(ABOUT THIS EXERCISE):
Your task is to transcribe all of the records exactly and leave out the pictures.

━━━ RECORD SET ━━━

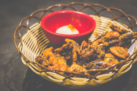 Fried chicken wings on wood background with restaurant light
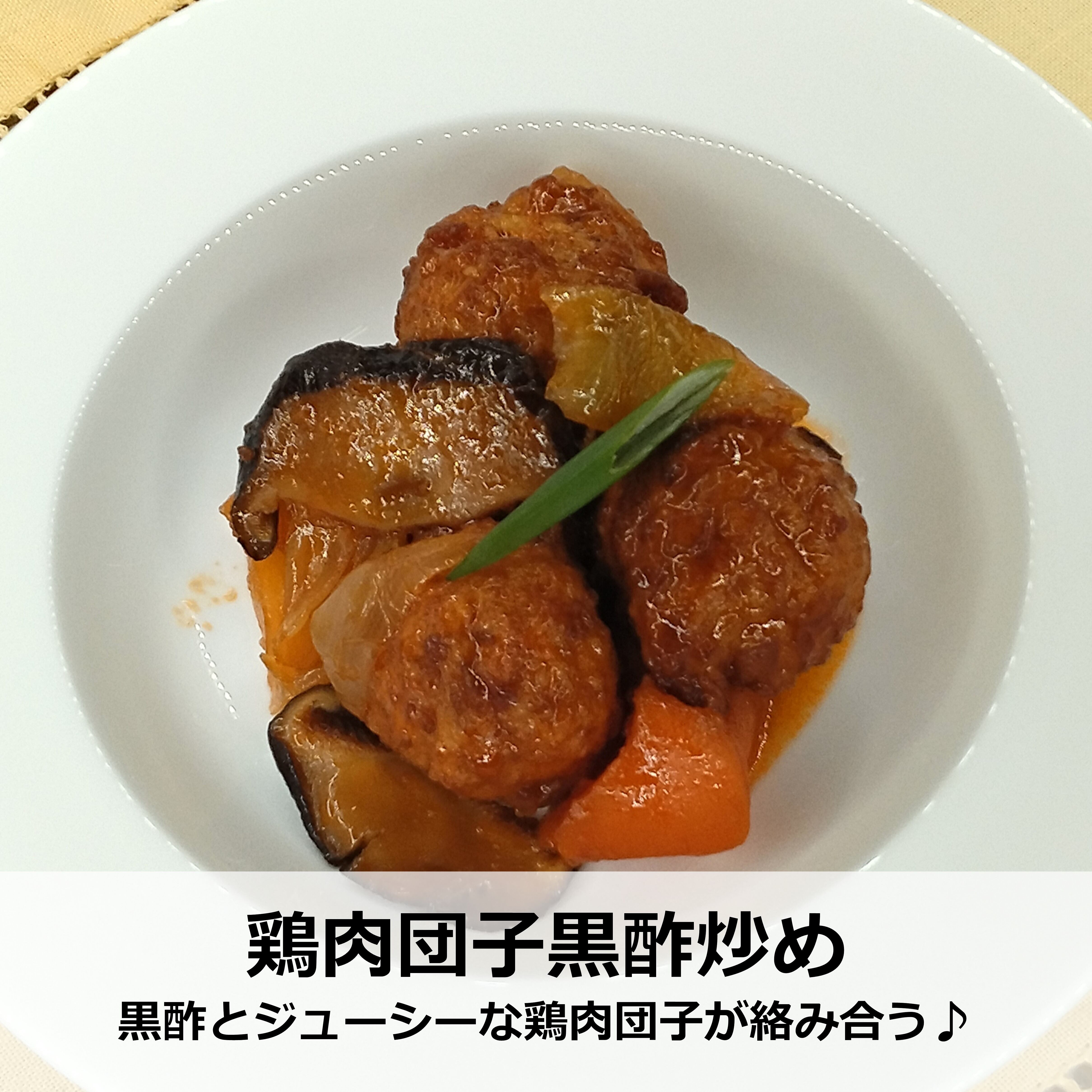 鶏肉団子黒酢炒め(鶏肉・玉ねぎ・生姜・卵・片栗粉・人参・干椎茸・ケチャップ・醤油・黒酢・ごま油・にんにく)/アルコール
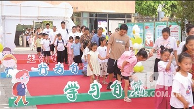 迎新典礼上,一座精心设计的“逐梦·启航一起向未来”大门矗立在校门口。一年级新生在家长的带领下,有序通过这座充满希望的大门,然后依次跨过“生活自理”“行为自律”“学习自觉”“文明自信”“人格自强”五道寓意深刻的门槛。每跨过一道门槛,就象征着一次进步,孩子们小脸上写满了喜悦。
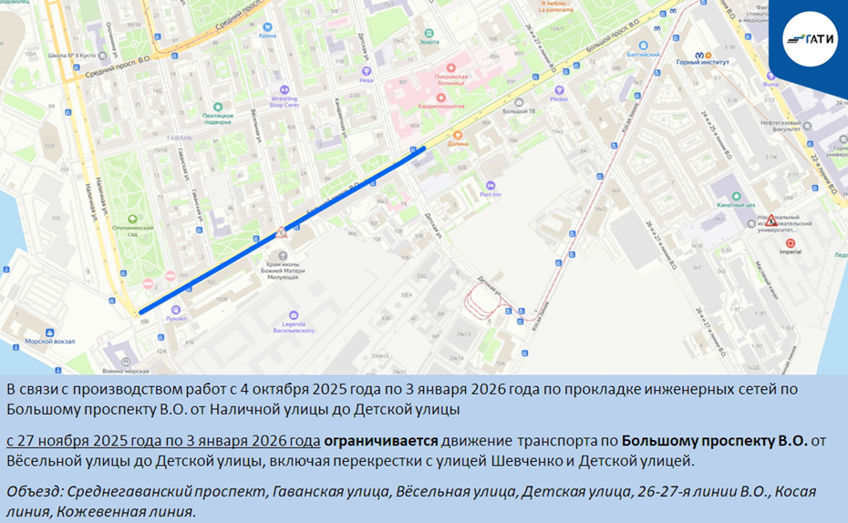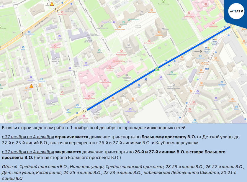 Первый ограничат с 27 ноября по 4 декабря. На этот же период здесь закроют проезд по 26-й и 27-й линиям В.О. в створе Большого проспекта В.О.
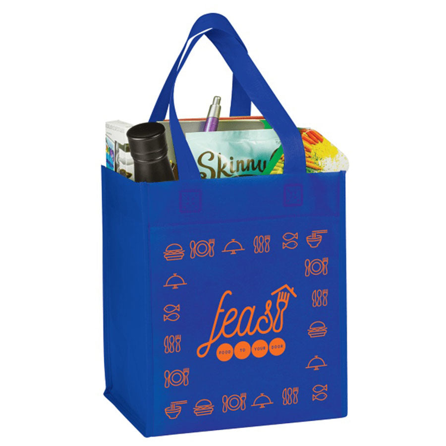 Simplify your shopping with the Basic Grocery Tote in classic Bullet Royal. Made from durable 80g non-woven polypropylene, this tote is perfect for carrying groceries, everyday essentials, or promotional items. Its large open main compartment offers ample space, while the 8.5" drop handles ensure comfortable carrying.
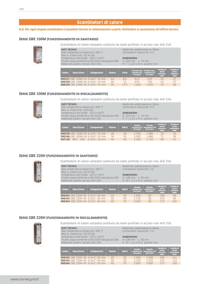 n.b. Per ogni singolo scambiatore è possibile fornire la coibentazione a parte. richiedere la quotazione all’ufficio tecnico.
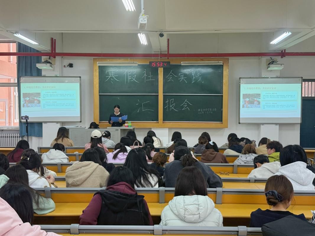 汇报会上,各实践团队及个人依次登台,围绕寒假期间开展的志愿服务、社会调研等实践活动进行成果展示与经验分享。同学们依托详实数据、鲜活案例与真挚感悟,通过PPT演示、故事讲述等形式,生动呈现了实践中的所见所闻、所思所获。汇报内容既体现了对社会发展现状的细致观察,也展现了对实践服务经历的深刻思考,充分彰显了青年学子扎根社会、践行初心、在实践中成长奋进的青春风采。

━━━

(TASK OUTPUT):
 Fried chicken wings on wood background with restaurant light
 鶏肉団子黒酢炒め(鶏肉・玉ねぎ・生姜・卵・片栗粉・人参・干椎茸・ケチャップ・醤油・黒酢・ごま油・にんにく)/アルコール
 迎新典礼上,一座精心设计的“逐梦·启航一起向未来”大门矗立在校门口。一年级新生在家长的带领下,有序通过这座充满希望的大门,然后依次跨过“生活自理”“行为自律”“学习自觉”“文明自信”“人格自强”五道寓意深刻的门槛。每跨过一道门槛,就象征着一次进步,孩子们小脸上写满了喜悦。
 Первый ограничат с 27 ноября по 4 декабря. На этот же период здесь закроют проезд по 26-й и 27-й линиям В.О. в створе Большого проспекта В.О.
 Simplify your shopping with the Basic Grocery Tote in classic Bullet Royal. Made from durable 80g non-woven polypropylene, this tote is perfect for carrying groceries, everyday essentials, or promotional items. Its large open main compartment offers ample space, while the 8.5" drop handles ensure comfortable carrying.
 n.b. Per ogni singolo scambiatore è possibile fornire la coibentazione a parte. richiedere la quotazione all’ufficio tecnico.
 汇报会上,各实践团队及个人依次登台,围绕寒假期间开展的志愿服务、社会调研等实践活动进行成果展示与经验分享。同学们依托详实数据、鲜活案例与真挚感悟,通过PPT演示、故事讲述等形式,生动呈现了实践中的所见所闻、所思所获。汇报内容既体现了对社会发展现状的细致观察,也展现了对实践服务经历的深刻思考,充分彰显了青年学子扎根社会、践行初心、在实践中成长奋进的青春风采。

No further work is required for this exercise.